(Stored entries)
********************

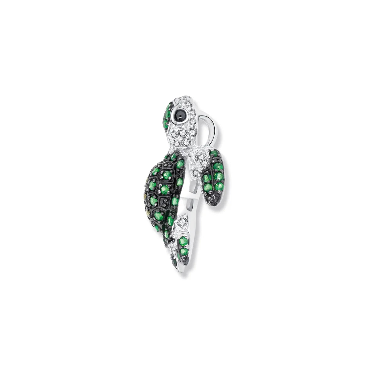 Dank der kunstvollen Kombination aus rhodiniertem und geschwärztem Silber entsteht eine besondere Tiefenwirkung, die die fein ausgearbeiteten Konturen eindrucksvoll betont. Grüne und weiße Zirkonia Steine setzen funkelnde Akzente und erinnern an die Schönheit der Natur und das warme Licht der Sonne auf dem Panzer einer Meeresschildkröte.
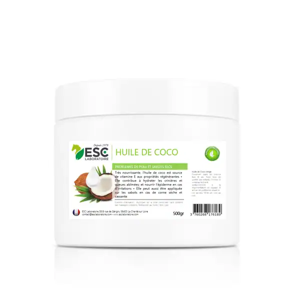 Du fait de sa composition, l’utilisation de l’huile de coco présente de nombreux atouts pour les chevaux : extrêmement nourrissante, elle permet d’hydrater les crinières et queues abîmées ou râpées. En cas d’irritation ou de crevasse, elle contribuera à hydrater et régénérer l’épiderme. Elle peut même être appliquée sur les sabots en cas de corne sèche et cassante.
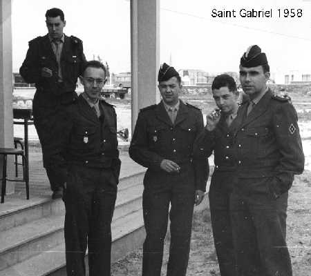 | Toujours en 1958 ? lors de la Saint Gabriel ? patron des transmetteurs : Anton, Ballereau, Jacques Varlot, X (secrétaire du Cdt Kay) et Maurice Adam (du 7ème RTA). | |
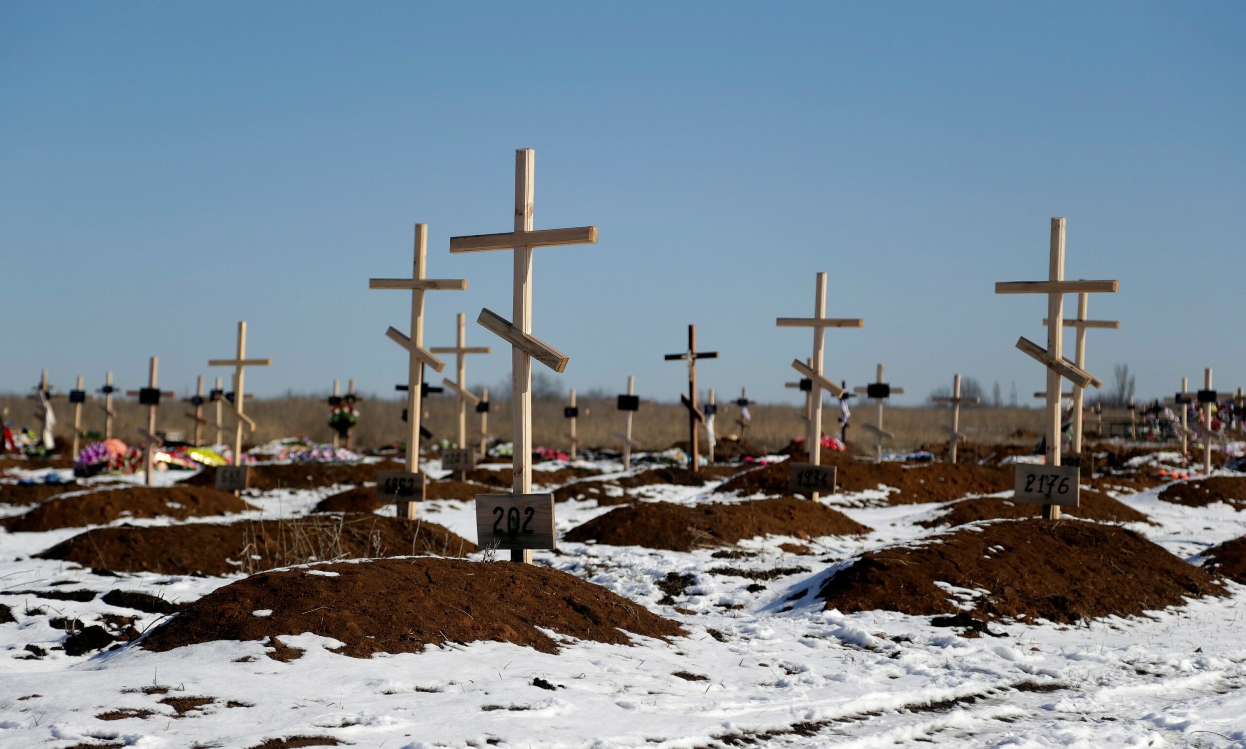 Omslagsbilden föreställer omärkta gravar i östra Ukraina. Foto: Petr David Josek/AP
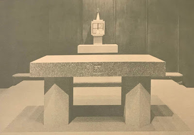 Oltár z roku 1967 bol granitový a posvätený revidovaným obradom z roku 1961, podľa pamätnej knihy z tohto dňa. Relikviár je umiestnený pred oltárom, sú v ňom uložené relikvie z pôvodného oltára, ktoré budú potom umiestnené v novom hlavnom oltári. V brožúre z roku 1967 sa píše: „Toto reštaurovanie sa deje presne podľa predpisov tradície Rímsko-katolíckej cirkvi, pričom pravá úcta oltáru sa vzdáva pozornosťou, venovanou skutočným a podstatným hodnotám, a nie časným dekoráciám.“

********************

Task description: Copy the lines from the line that contains "Du fait de sa" through the end of the records, exactly and with nothing added; leave the pictures out.

Task answer:
 Du fait de sa composition, l’utilisation de l’huile de coco présente de nombreux atouts pour les chevaux : extrêmement nourrissante, elle permet d’hydrater les crinières et queues abîmées ou râpées. En cas d’irritation ou de crevasse, elle contribuera à hydrater et régénérer l’épiderme. Elle peut même être appliquée sur les sabots en cas de corne sèche et cassante.
 | Toujours en 1958 ? lors de la Saint Gabriel ? patron des transmetteurs : Anton, Ballereau, Jacques Varlot, X (secrétaire du Cdt Kay) et Maurice Adam (du 7ème RTA). | |
 Omslagsbilden föreställer omärkta gravar i östra Ukraina. Foto: Petr David Josek/AP
 Oltár z roku 1967 bol granitový a posvätený revidovaným obradom z roku 1961, podľa pamätnej knihy z tohto dňa. Relikviár je umiestnený pred oltárom, sú v ňom uložené relikvie z pôvodného oltára, ktoré budú potom umiestnené v novom hlavnom oltári. V brožúre z roku 1967 sa píše: „Toto reštaurovanie sa deje presne podľa predpisov tradície Rímsko-katolíckej cirkvi, pričom pravá úcta oltáru sa vzdáva pozornosťou, venovanou skutočným a podstatným hodnotám, a nie časným dekoráciám.“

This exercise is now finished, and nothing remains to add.